11.45 limited my screen time until 12:00 in the day; it’s the mornings that are the best time to get things done, I’ve read. The brain is fresh, ready to absorb or create.

12:55 I opened Instagram for some reason. I should really make my profile professional. Delete a lot and edit or open a new professional account. I can’t decide; it’s been years that I can’t decide.

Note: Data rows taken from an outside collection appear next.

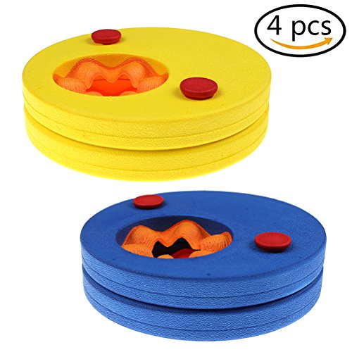 -. Feature : Material:Made of EVA foam material,will not chip or absorb water.Safer than the inflatable swimming armbands. / Color:come with 2 colors(blue,yellow),2 pieces for each color,4 Pcs in total / Size:Single diameter 18.5cm/7.28 inch,thickness 2.3cm/0.91 inch. / Apply To:Perfect for the Learn-to-swim kids whose arms circumference are under 16cm/6.3 inches. / Notice:suitable for 4-10 years.To be used under the direct supervision of an adult.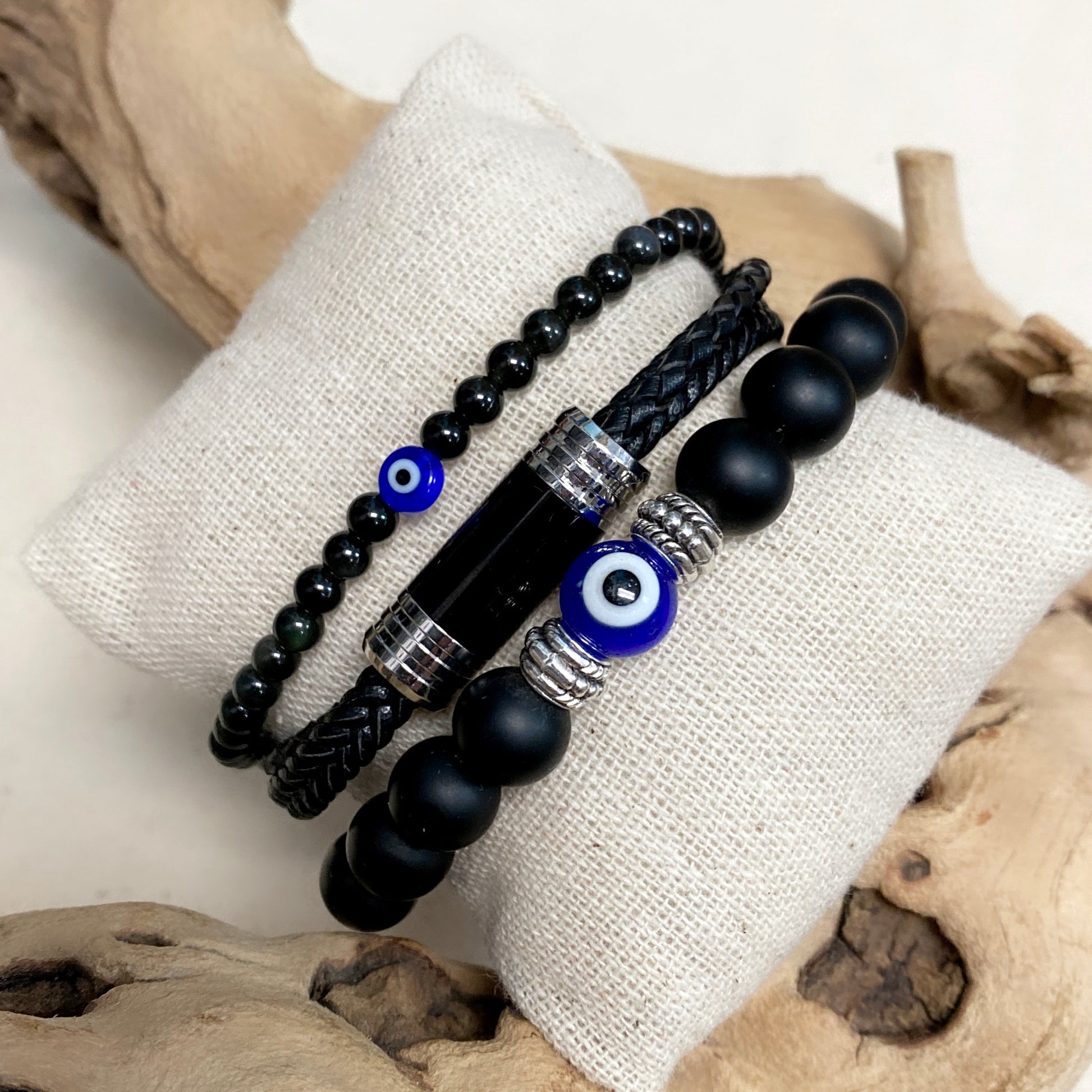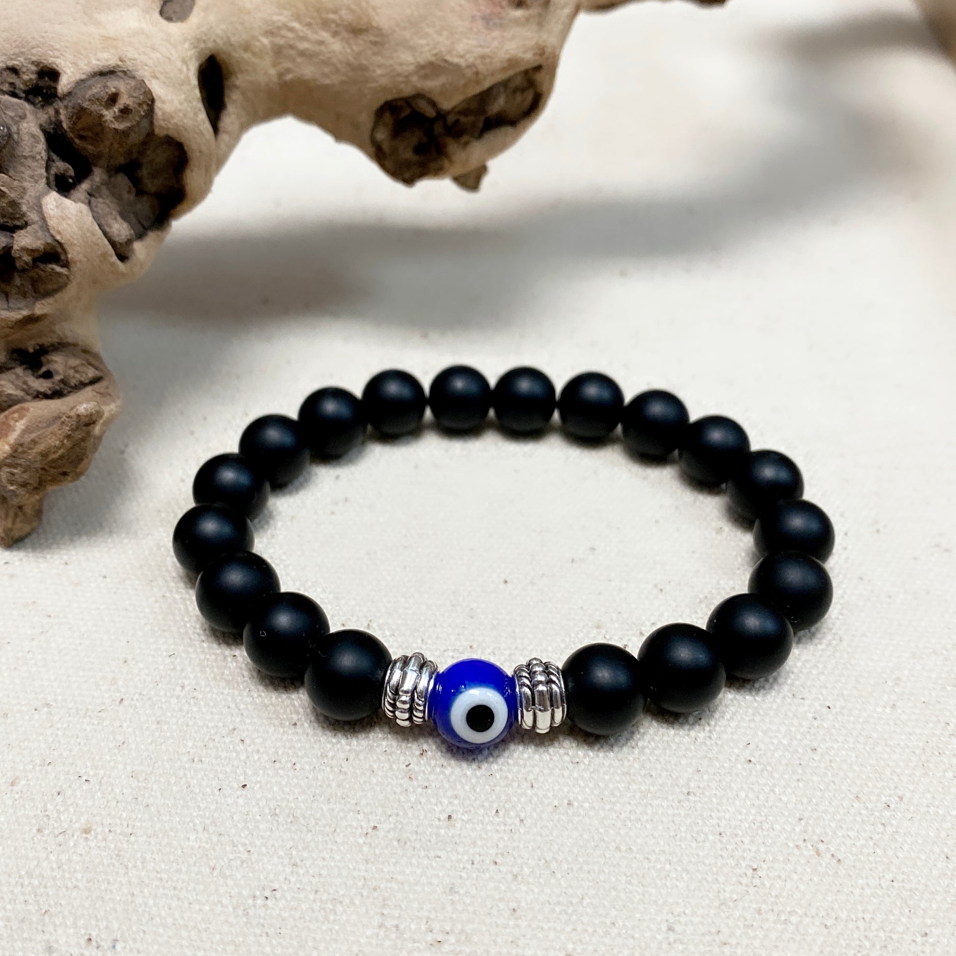 #3 Matte onyx 10mm with glass eye bead (stretch)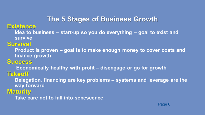 In the late 80s at Harvard, they did a study on business growth and found business goes through 5 stages.

23:12 Reading the memoirs of Marina Abramovich. In her and Ulays performances, I feel that, that the written or told story about the thoughts around the development and meaning of their performances together with one photograph can give you the understanding and some sense of the performance. Now I’m thinking especially of the performance with the ambush loaded with an arrow and pointed to Abramovich heart. But the bodily experience of experiencing it live is hard to recall. I envy her discipline, but not her partisan childhood.

Day 8
12:33 Thinking of Yoko Ono´s instructional pieces, where the instructions become both the piece and the documentation. The instructions are left to be read, followed, and experienced in real life or in imagination.
I should write some instructions to myself every day. I have done it before.

Day9
07:30 Get up.
Drink coffee
Eat your mushrooms.
Take your vitamins.
Get the kid to eat breakfast, nag, nag, nag. Nagging is not good. It stresses the kid out.
Eat breakfast.
Get the kid to dress; the kid doesn’t listen; dress the kid.
Dress yourself.
The kid is now at kindergarten, I must get back to the instructions.
They should be clear. Much clearer for tomorrow.